The data:

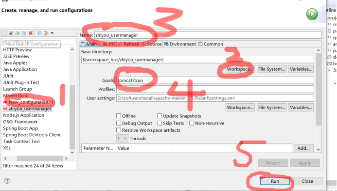 子工程邮件run as configurations ,点击左边的Maven Build新增配置
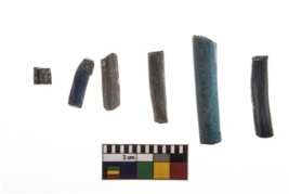 | Description / विवरण | Two fragments are monochrome opaque plain black coloured glass bangle . Four fragments are blue in colour. |
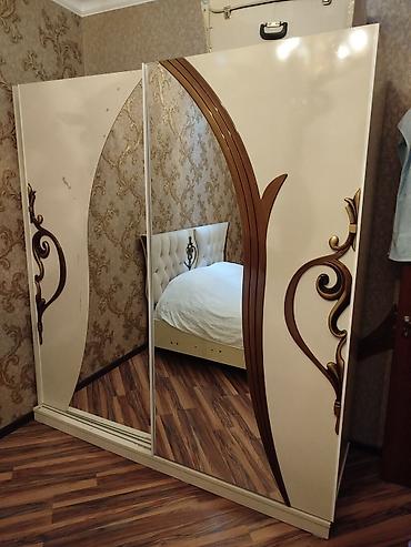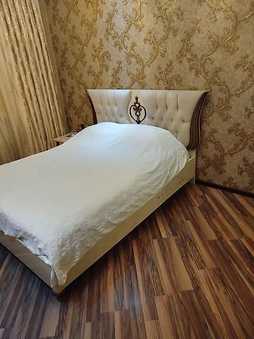 Yataq otağı mebel dəsti - Yataq: Yumşaq, hündür süngərlə kapitonaj başlıq, krem rəngli döşəmə çərçivəsi. Standart ikinəfərlik ölçü (şəklin ölçüsünə uyğun). Dekorativ yastıqlar və örtü foto üçün gö...
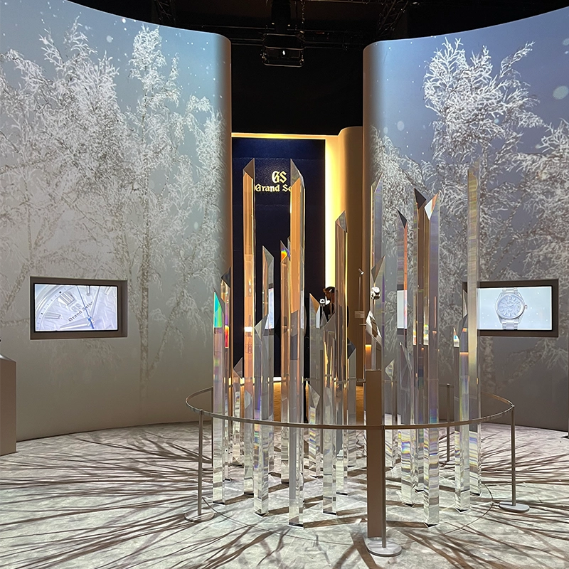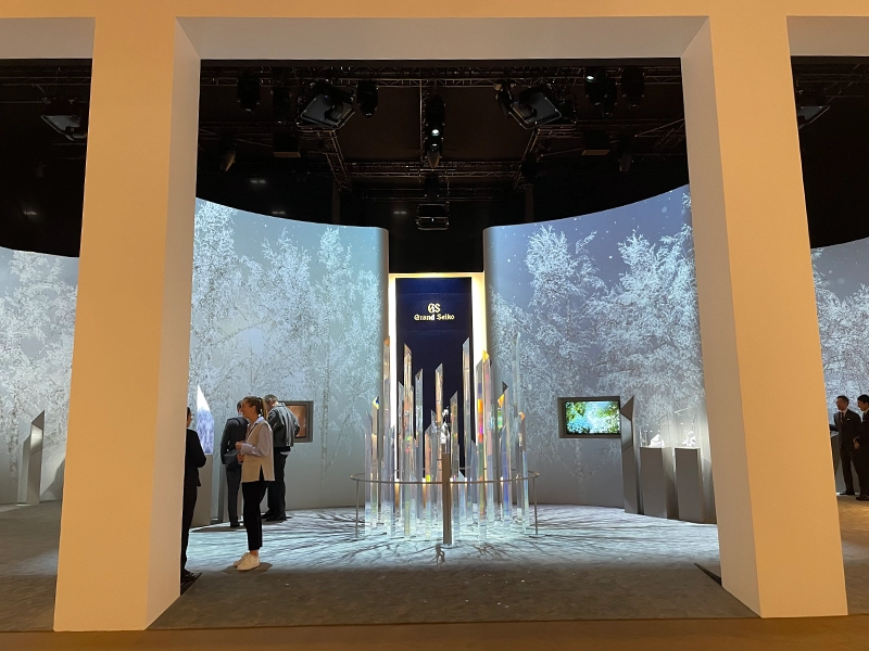 グランドセイコーのブースは入り口から幻想的な空間が広がります。また、この場にあるだけで日本人としての誇りを感じますし、遠い異国の地にあって安心感を覚えてしまいます。

Problem details: Give back, exactly as written, the lines from the top of the material through the line with "in colour. |", ends included and pictures left aside.

The answer:
 子工程邮件run as configurations ,点击左边的Maven Build新增配置
 | Description / विवरण | Two fragments are monochrome opaque plain black coloured glass bangle . Four fragments are blue in colour. |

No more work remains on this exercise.